**Problem to work on**: Look below for the line that has "サウナ室のサイズや内装デザイ"; output exactly from it through the line that has "491 and 492", and leave the pictures out.

**Provided data**:
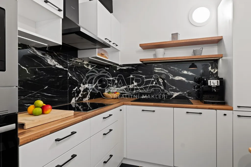 Kuchyňská linka je vybavena všemi potřebnými spotřebiči, takže vás nečekají žádné zásadní investice.
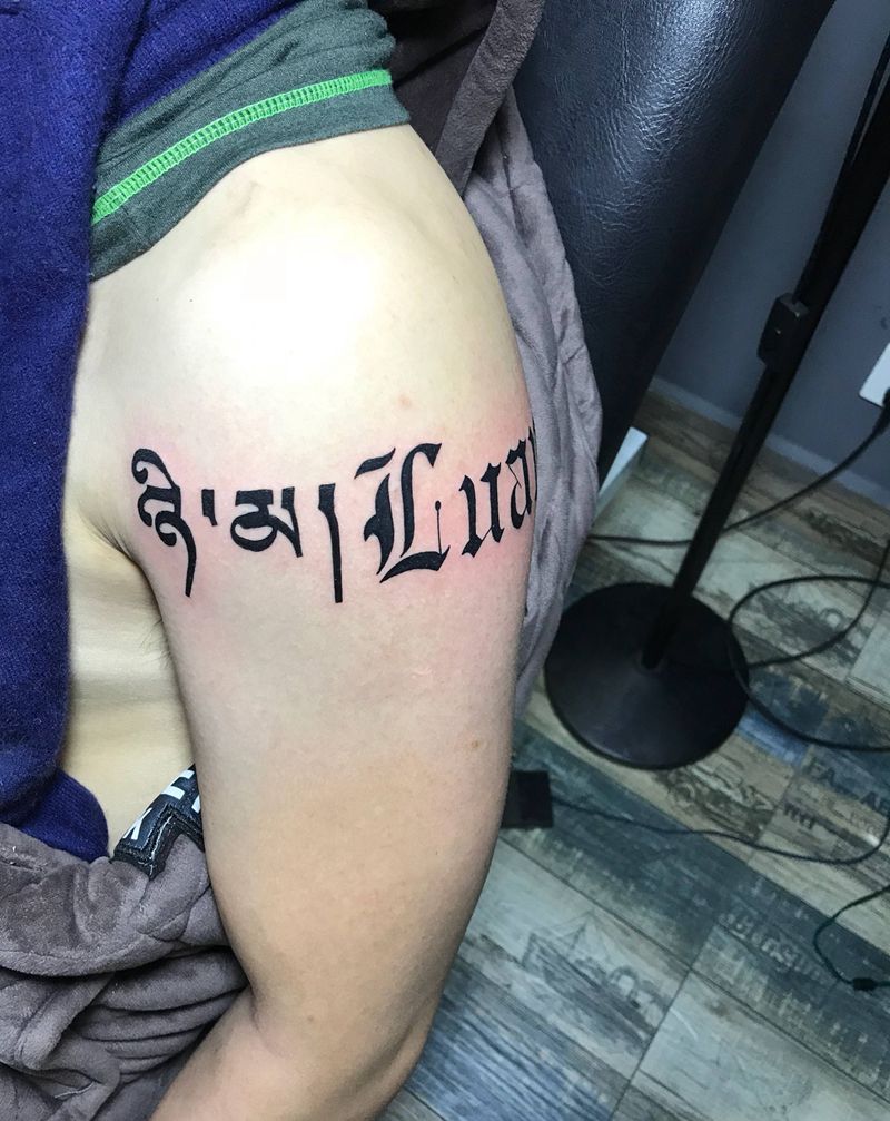 当前位置: 首页 >江苏省盐城市纹身店-佳艺纹身纹身图案>藏文体加哥特式纹身图片
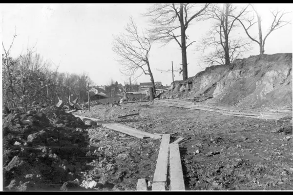 Opparbeidelse for parkbelte og turvei langs Akerselva. Stein/jord-massen trilles med trillebår på plank. Skinner for skinnegående vogner. Ved dagens Vøien bru, retning nordover.
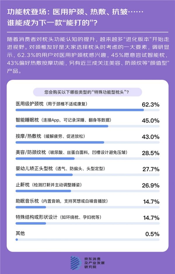 枕头也在走向功能分化。调研结果显示,在特殊功能类枕头中,62.3%的人关注医用护颈枕,主要用于颈椎不适和矫正康复。45%关注智能睡眠枕,43%偏好热敷按摩功能。
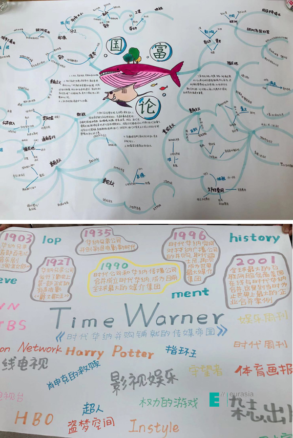 经过课程模块的初体验,经管类图书的阅读,以及关于实习就业的讲座等环节,学生们亲手绘制海报制订未来四年大学生涯的学习计划,绘制思维导图展示对书籍内容的理解,全面展示了经济、管理、贸易、商务等方面的知识带给他们的思考与启发。
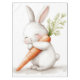 Um coelho adorável abraçando alegremente uma cenoura gigante.
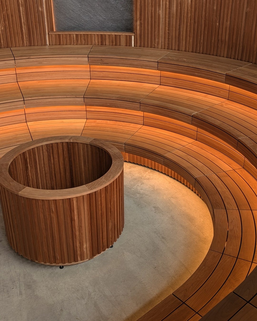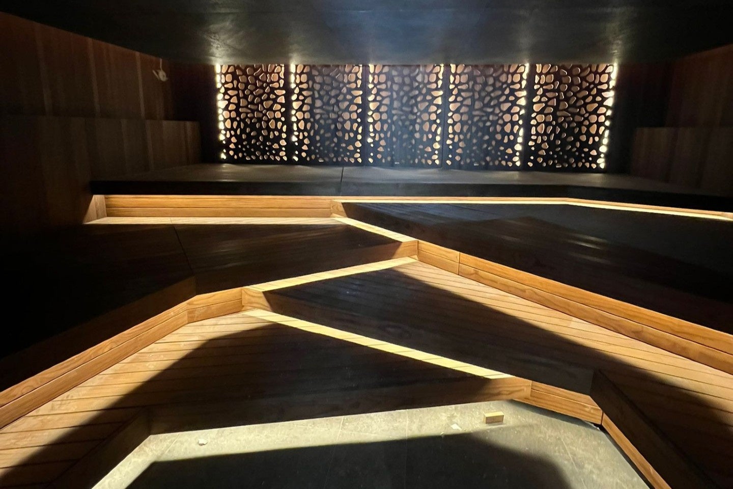 サウナ室のサイズや内装デザインに始まり、木材の樹種や色、表面加工やカット技法といった細部に至るまで柔軟にカスタマイズできるため、建築計画のコンセプトに合わせた設計を実現することが可能です。
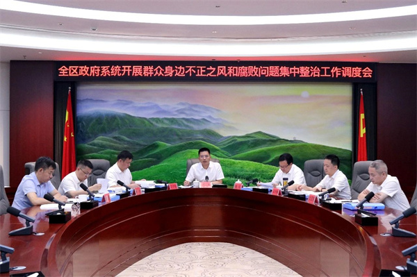 会议套开了全区政府系统群众身边不正之风和腐败问题集中整治工作推进调度会。会议强调,要提高站位,思想认识要再深化,以更加坚定的决心、超常的举措、过硬的作风推动解决一批群众可感可及的实事。要聚焦重点,问题导向要再强化,发扬刀刃向内的自我革命精神,敢于正视问题、善于发现问题,聚焦重点领域、关键环节,持续深挖细查,提升问题排查质量。要统筹推进,系统治理要再优化,真正把“惩”和“治”贯通起来,进一步堵住制度漏洞,加强制度执行,不断规范权力运行。要担当作为,责任链条要再细化,持续加大整治力度,着力解决一批群众急难愁盼问题、查办一批典型案例、完善一批制度机制、提升一轮治理效能。
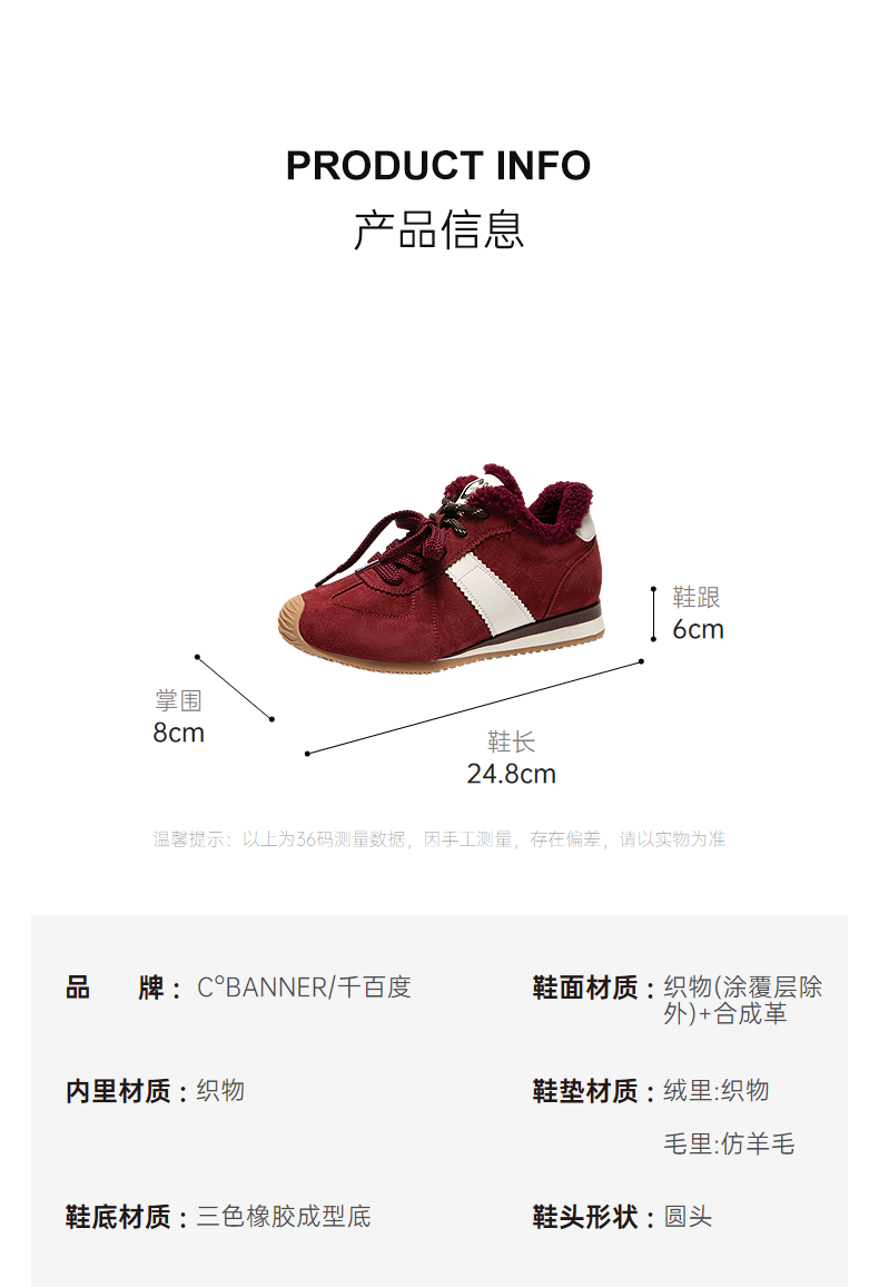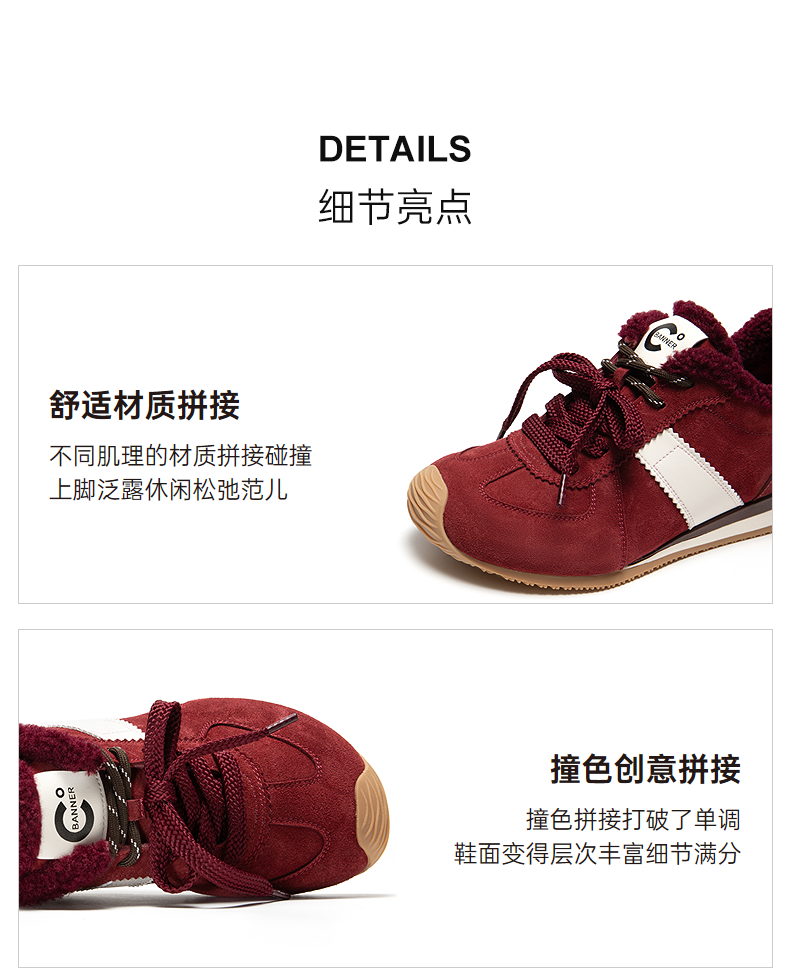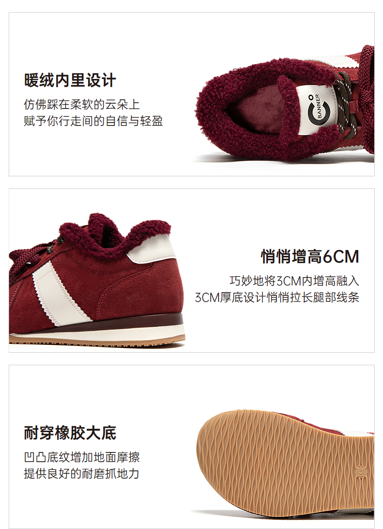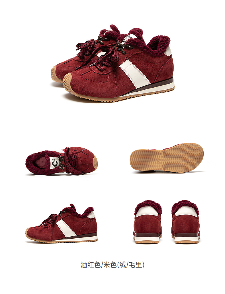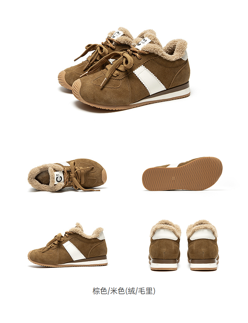 千百度内增高德训鞋女加绒保暖厚底复古运动休闲鞋A25650303
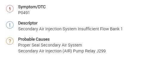 491 and 492 are for the secondary air injection system. It could be the relay or the solenoid. There are also cases that have the passages clogged with carbon. It is difficult to get to the passages as they are at the back of the motor.
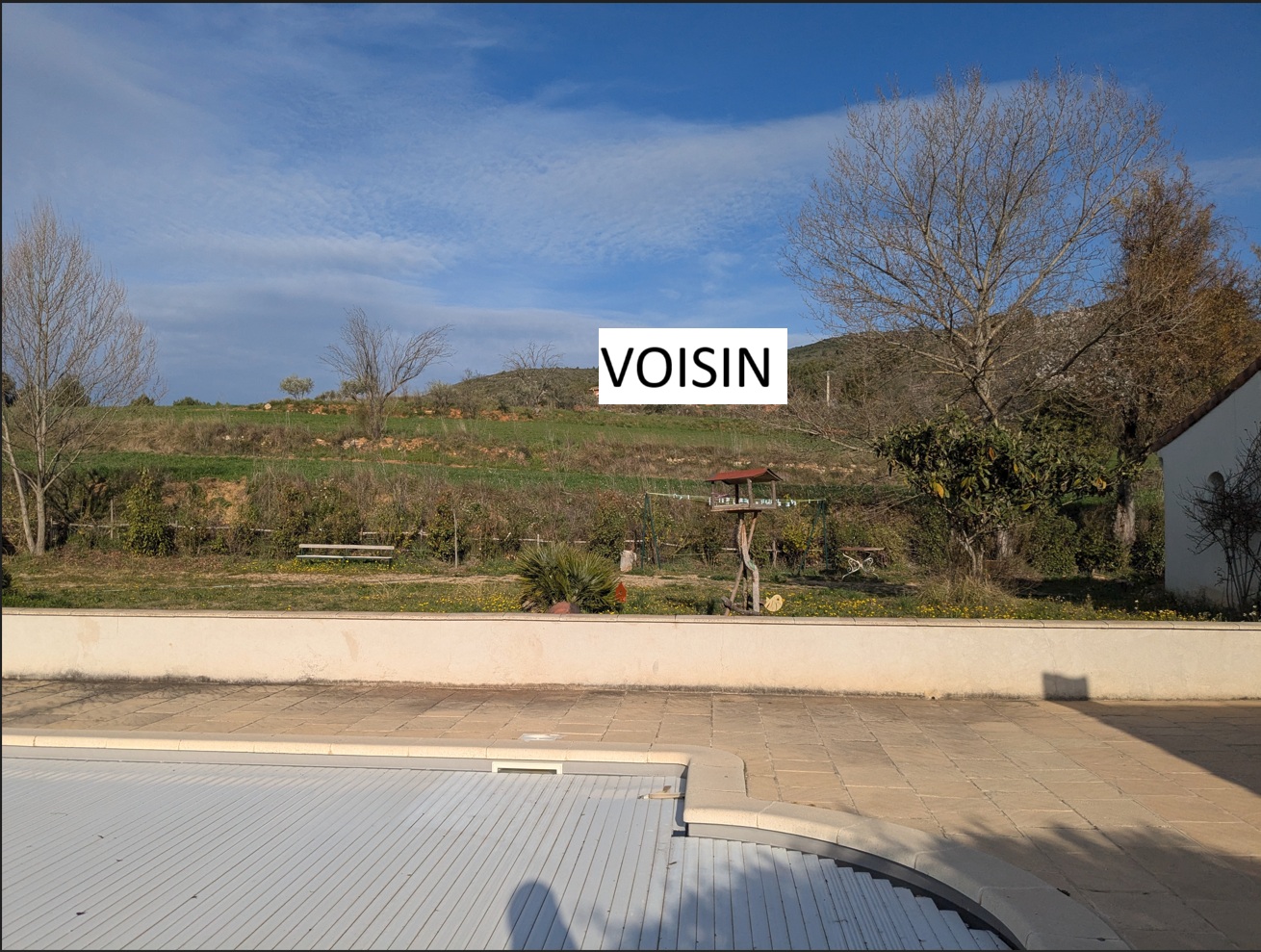 J’ajoute une photo faite à partir de la piscine pour que vous compreniez mieux comment est fait le terrain peut être, la haie est derrière l’étendoir à linge.

**Solution to the problem**:
 サウナ室のサイズや内装デザインに始まり、木材の樹種や色、表面加工やカット技法といった細部に至るまで柔軟にカスタマイズできるため、建築計画のコンセプトに合わせた設計を実現することが可能です。
 会议套开了全区政府系统群众身边不正之风和腐败问题集中整治工作推进调度会。会议强调,要提高站位,思想认识要再深化,以更加坚定的决心、超常的举措、过硬的作风推动解决一批群众可感可及的实事。要聚焦重点,问题导向要再强化,发扬刀刃向内的自我革命精神,敢于正视问题、善于发现问题,聚焦重点领域、关键环节,持续深挖细查,提升问题排查质量。要统筹推进,系统治理要再优化,真正把“惩”和“治”贯通起来,进一步堵住制度漏洞,加强制度执行,不断规范权力运行。要担当作为,责任链条要再细化,持续加大整治力度,着力解决一批群众急难愁盼问题、查办一批典型案例、完善一批制度机制、提升一轮治理效能。
 千百度内增高德训鞋女加绒保暖厚底复古运动休闲鞋A25650303
 491 and 492 are for the secondary air injection system. It could be the relay or the solenoid. There are also cases that have the passages clogged with carbon. It is difficult to get to the passages as they are at the back of the motor.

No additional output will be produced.